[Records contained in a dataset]
+ + +

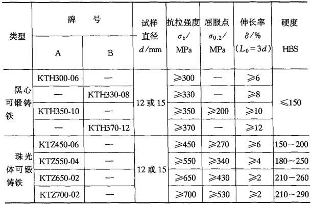 表4-21 黑心可锻铸铁和珠光体可锻铸铁的牌号及力学性能(GB9440—88)
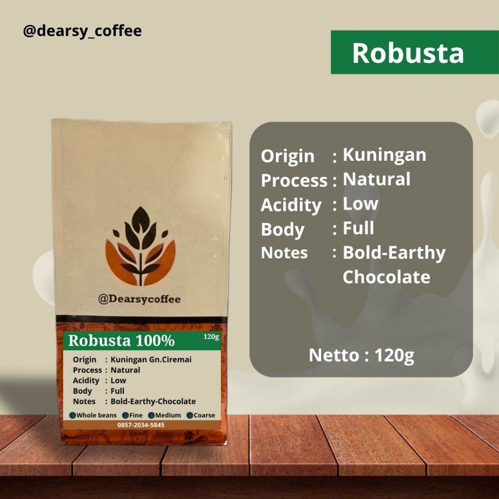 Robusta khas Kuningan dengan proses natural ini menghadirkan sensasi kopi yang tebal, kuat, dan earthy. Karakter bold dengan rasa cokelat pahit alami menjadikannya pilihan mantap untuk kamu yang menyukai kopi hitam pekat atau espresso lokal yang bertenaga.
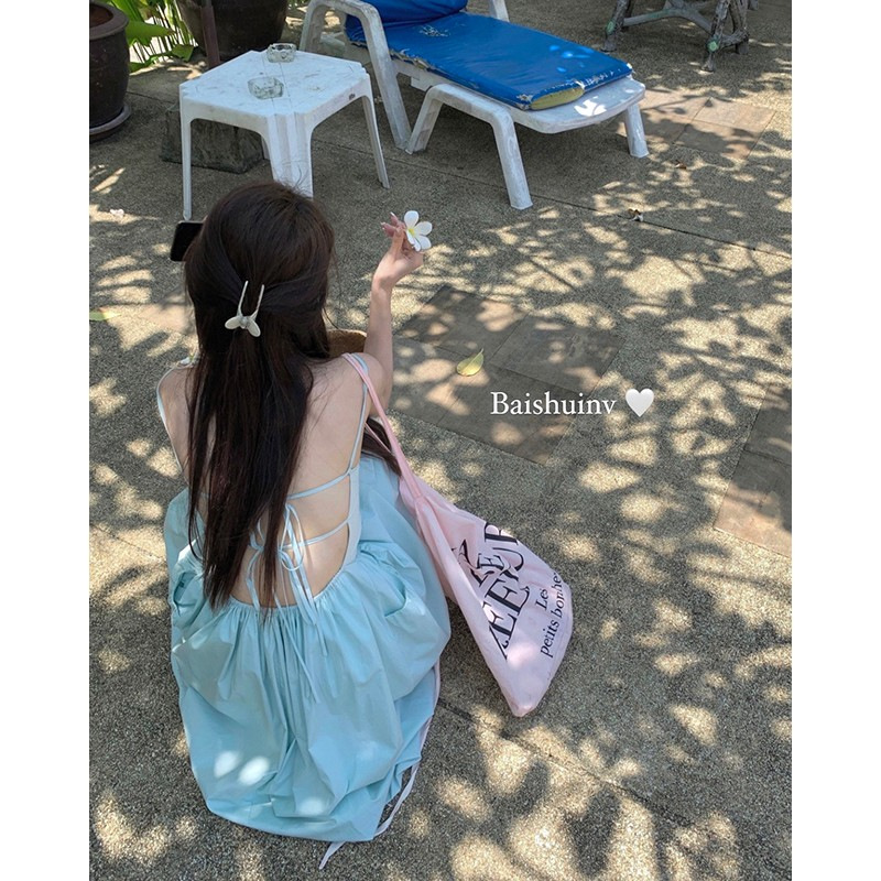 夏季多巴胺仙女裙露背吊带连衣裙女夏海边沙滩度假风仙女长裙子
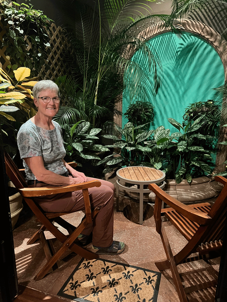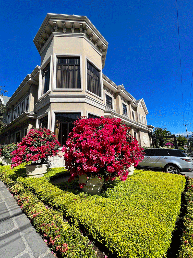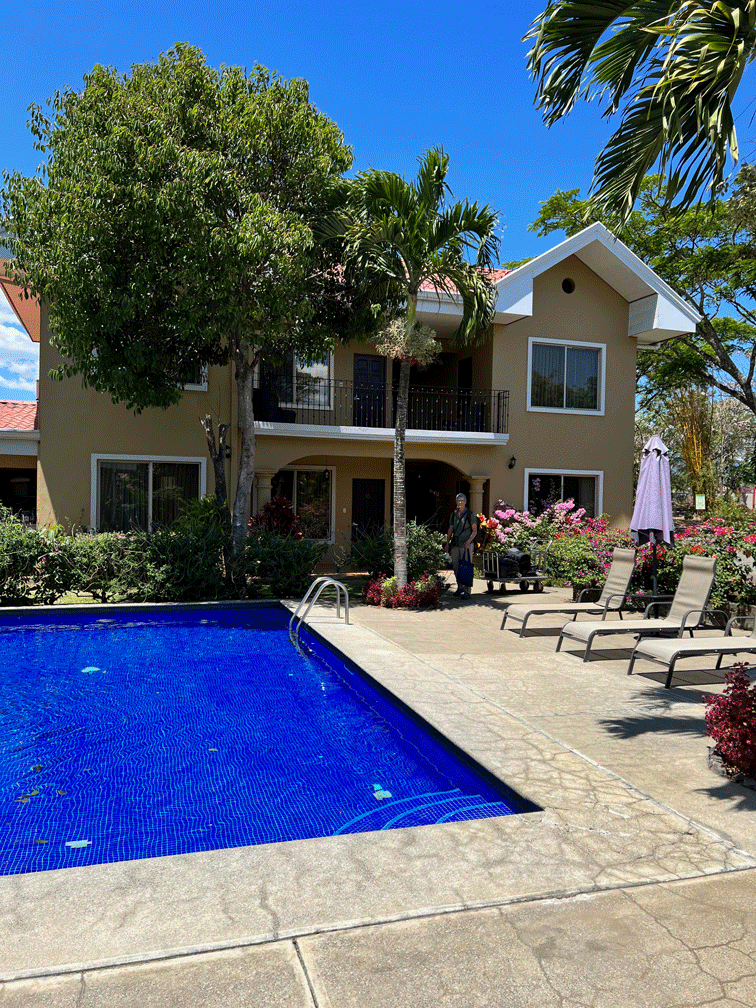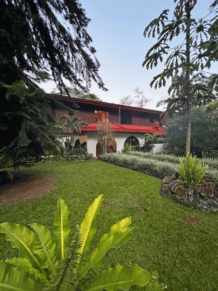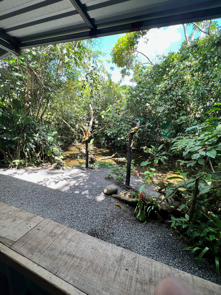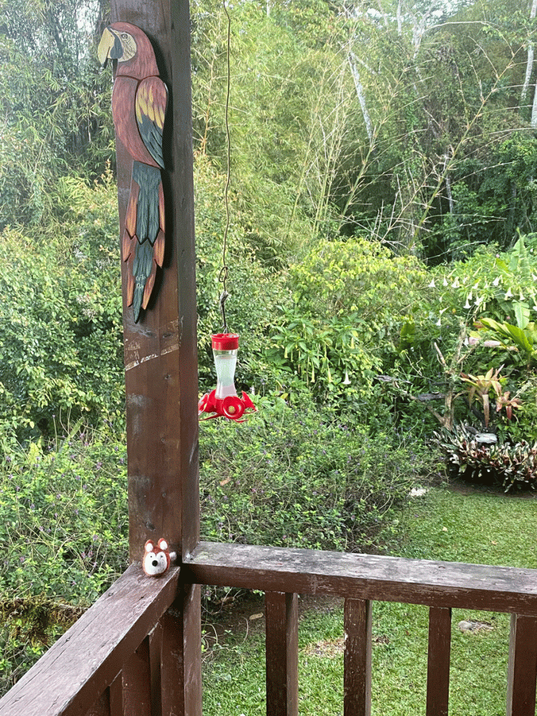 Here’s a view of the garden and one of their hummingbird feeders. White-necked Jacobins were the most plentiful hummingbird.
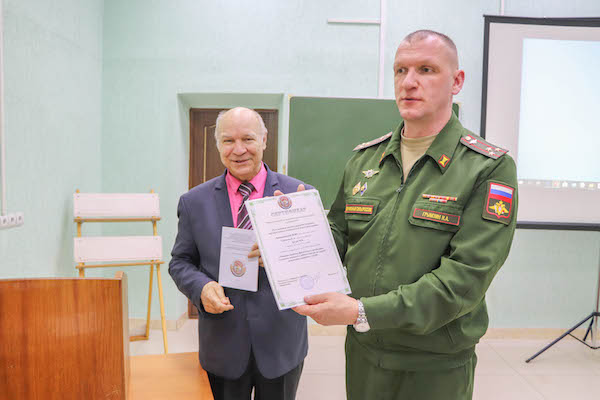 После своего выступления Анатолий Соловьев вручил полковнику Константину Грымзину сертификаты участников предыдущей конференции, прошедшей 2 марта, от лица председателя Сибирского отделения Академии военных наук генерала-майора Андрея Федорова.
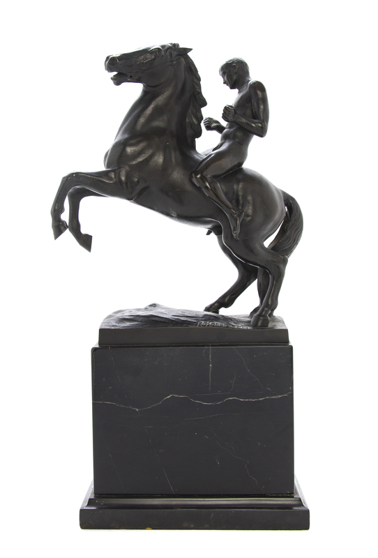 depicting a man on a rearing stallion, raised on a marble plinth base.
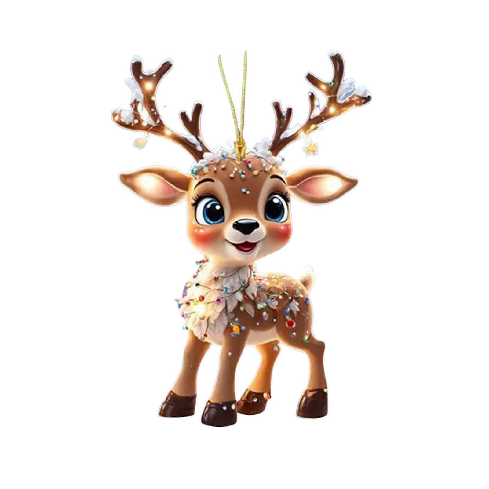Mengxi Christmas Reindeer Ornaments 2D Flat Acrylic Car Mirror Pendant Festive Holiday Home Tree Decorations

+ + +

- [Problem description] All lines from the start of the entries through the one with "После своего выступления" are to be output exactly; omit the pictures.

- [Expected output]
 表4-21 黑心可锻铸铁和珠光体可锻铸铁的牌号及力学性能(GB9440—88)
 Robusta khas Kuningan dengan proses natural ini menghadirkan sensasi kopi yang tebal, kuat, dan earthy. Karakter bold dengan rasa cokelat pahit alami menjadikannya pilihan mantap untuk kamu yang menyukai kopi hitam pekat atau espresso lokal yang bertenaga.
 夏季多巴胺仙女裙露背吊带连衣裙女夏海边沙滩度假风仙女长裙子
 Here’s a view of the garden and one of their hummingbird feeders. White-necked Jacobins were the most plentiful hummingbird.
 После своего выступления Анатолий Соловьев вручил полковнику Константину Грымзину сертификаты участников предыдущей конференции, прошедшей 2 марта, от лица председателя Сибирского отделения Академии военных наук генерала-майора Андрея Федорова.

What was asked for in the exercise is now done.